Hay límites hasta donde se pueden empujar las palabras para que renazcan, dejando un mínimo hilo hacia el otro, suficiente como para que al menos le haga brotar una duda, un gesto.
Pero también hay un modo de intentar crear algo nuevo con lo viejo, sacándolo de su habitual contexto, de su común uso, obligándolo a decir lo que no dijo nunca y a callar lo que venía diciendo. Se frota una palabra hasta que salte la chispa. Quema. Hay que chamuscarse los dedos. No puede no renacer de las cenizas. Y no hay forma de que una palabra deje cenizas si no se encarna. Hay que prestarle cuerpo, cuerpo para que se encienda, y arda.
La música para mí es muy importante. El sonido de las palabras crea una música, cada palabra suena, vibra, de una manera. Y si se juntan suenan de determinada manera. Los silencios influyen en la manera de sonar, los distintos silencios, más largos, más cortos, más angostos o más amplios. Hay formas de anotar esos silencios. Convenciones que, igual que la fonética, dan pistas sobre cómo algo que está ahí escrito debería sonar.

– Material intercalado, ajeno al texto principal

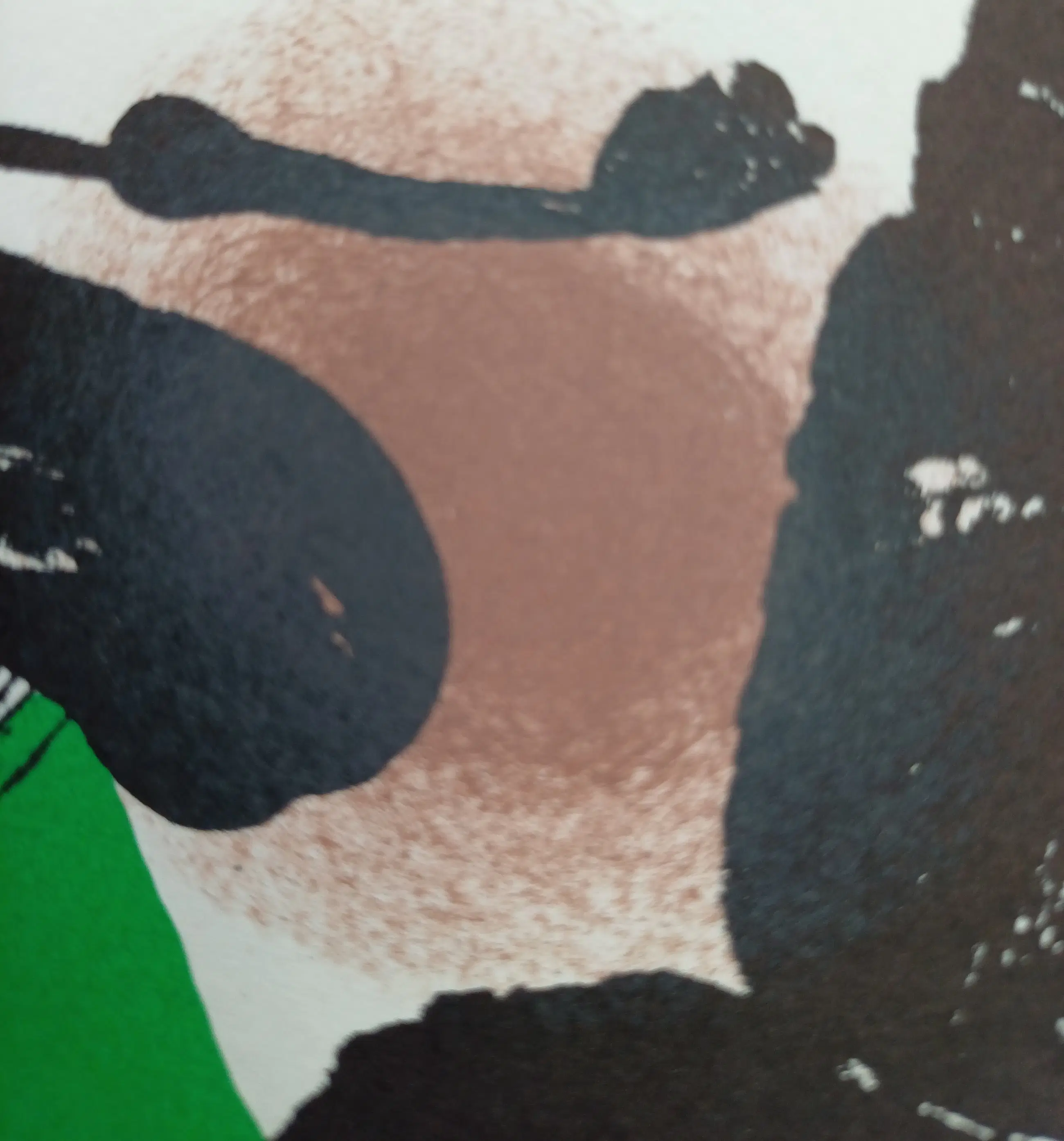 Ook hier weer is de lithografische druk van buitengewone kwaliteit. Dat is, zoals steeds, goed te zien in de superpositie van de kleuren (in twee bewegingen dus), in het bijzonder hier van zwart over de andere kleuren. Zie bijvoorbeeld linksboven onder de poten van het vogeltje (mengeling van zwart en purper), of rechtsonder (zeer uitgesproken: zwart over oker), of nog: linksonder (zwart over mauve). Zoiets ziet men nooit op een kunstdruk. Dat is alleen mogelijk als gedurende de lithografische arbeid de kleuren vrij snel na elkaar worden aangebracht en elkaar als het ware overschilderen. Dit geeft het werk een bijzondere charme en tegelijk is het een onmiskenbaar teken van originalteit.

Sin embargo cada uno lee como quiere, escucha como quiere. Como quiere y puede. Percibe cosas que el que escribió no supo que ponía, no ve otras que el que escribió consideró tan obvias, tan visibles. Si algo tiene de maravilloso nuestro lenguaje es lo alejado que está del código. Si algo tiene de terrible nuestro lenguaje, es lo alejado que está del código. Tratamos de apresarlo en letras y se nos desliza y escapa bajo nuestra propia nariz. No sin antes habernos robado y descontado unas cuantas bocanadas de nuestra propia respiración, que no olvidemos no es eterna. Y sin embargo es en ese mismo desliz donde renace, donde adquiere esa impalpable cualidad que nos deja boquiabiertos, deslumbrados ante el rayo que por un instante quiebra la oscuridad y nos produce la sensación, que tampoco dura más que un instante, de qué suerte estar ahí.